**Exercise instructions:**
Using the listing below, output only the lines from the one that contains "Vestido de novia" through the one that contains "您的 SSD 未显示,因为", inclusive, exactly as given and without images.

**Data extract:**
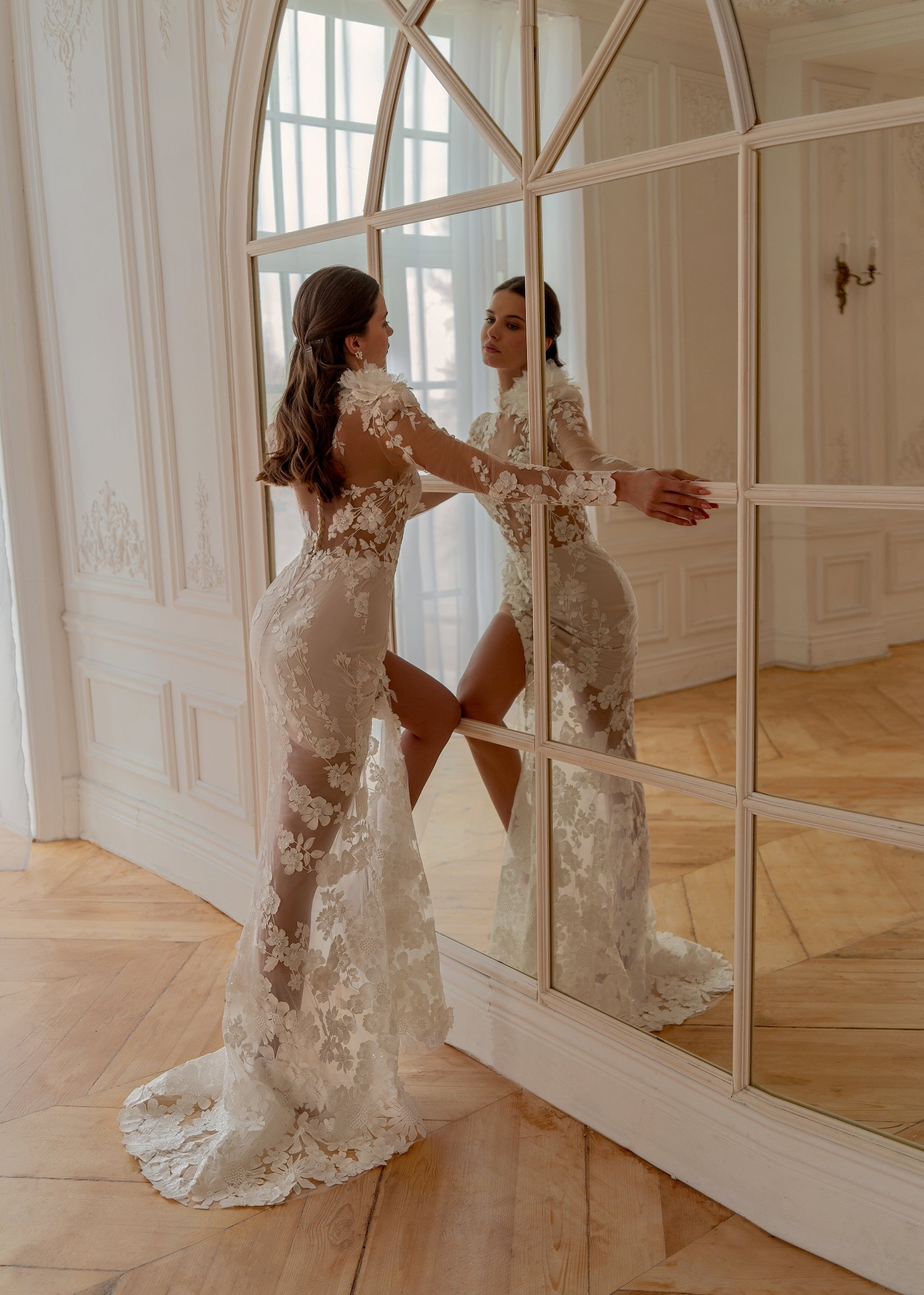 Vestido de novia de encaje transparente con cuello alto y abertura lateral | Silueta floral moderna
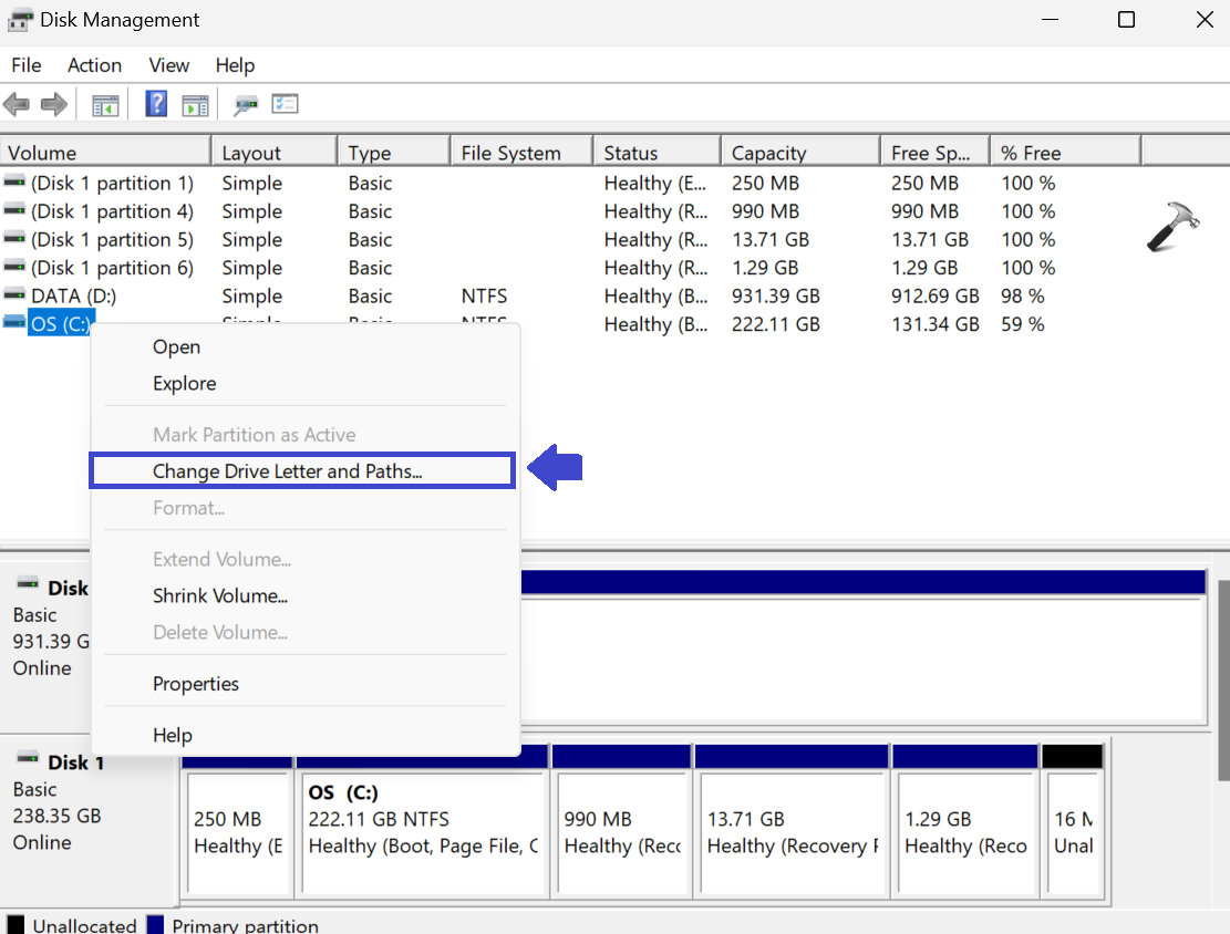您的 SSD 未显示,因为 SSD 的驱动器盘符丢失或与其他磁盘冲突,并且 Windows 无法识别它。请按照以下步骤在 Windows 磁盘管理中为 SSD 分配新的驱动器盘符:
==
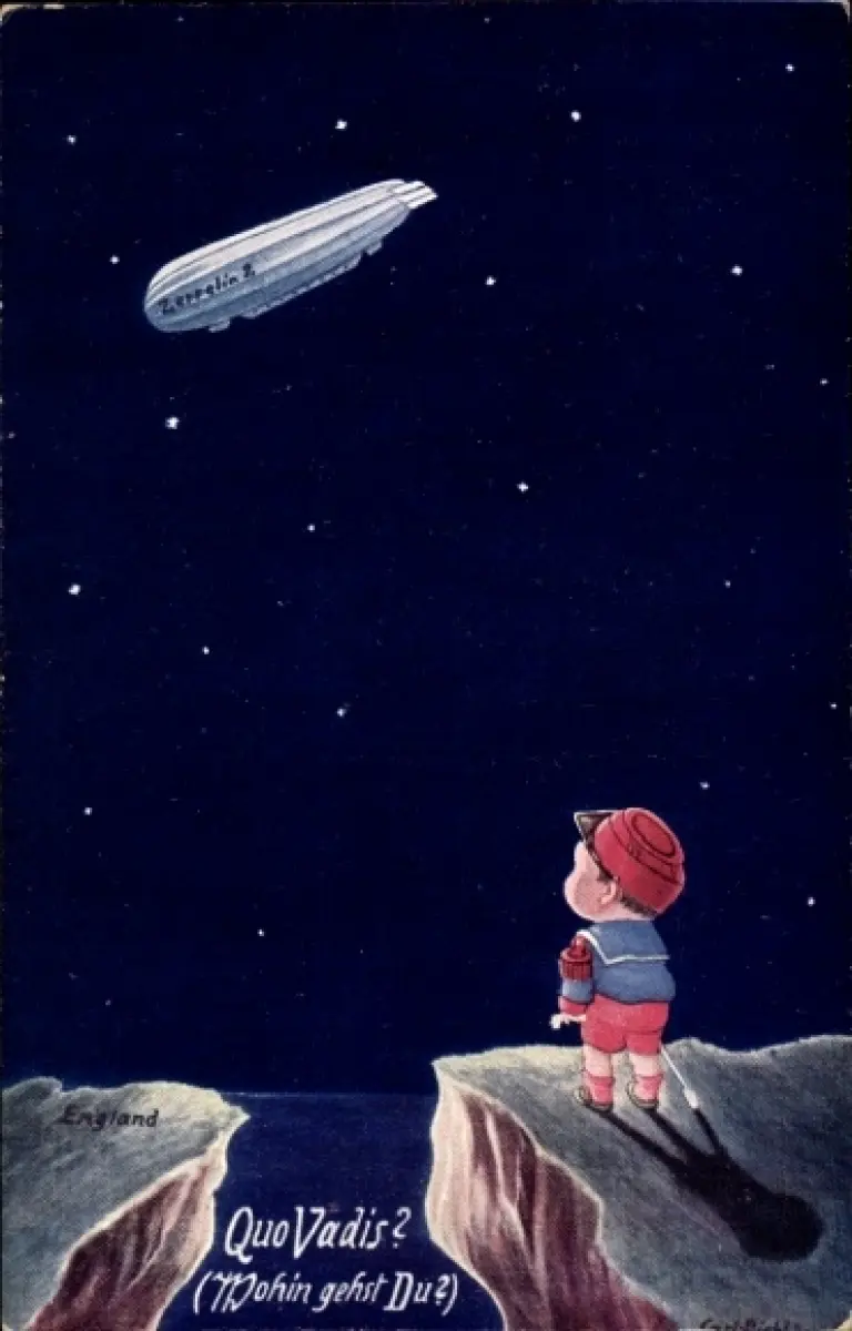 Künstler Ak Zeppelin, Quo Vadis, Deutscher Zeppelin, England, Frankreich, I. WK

**Written reply:**
 Vestido de novia de encaje transparente con cuello alto y abertura lateral | Silueta floral moderna
您的 SSD 未显示,因为 SSD 的驱动器盘符丢失或与其他磁盘冲突,并且 Windows 无法识别它。请按照以下步骤在 Windows 磁盘管理中为 SSD 分配新的驱动器盘符:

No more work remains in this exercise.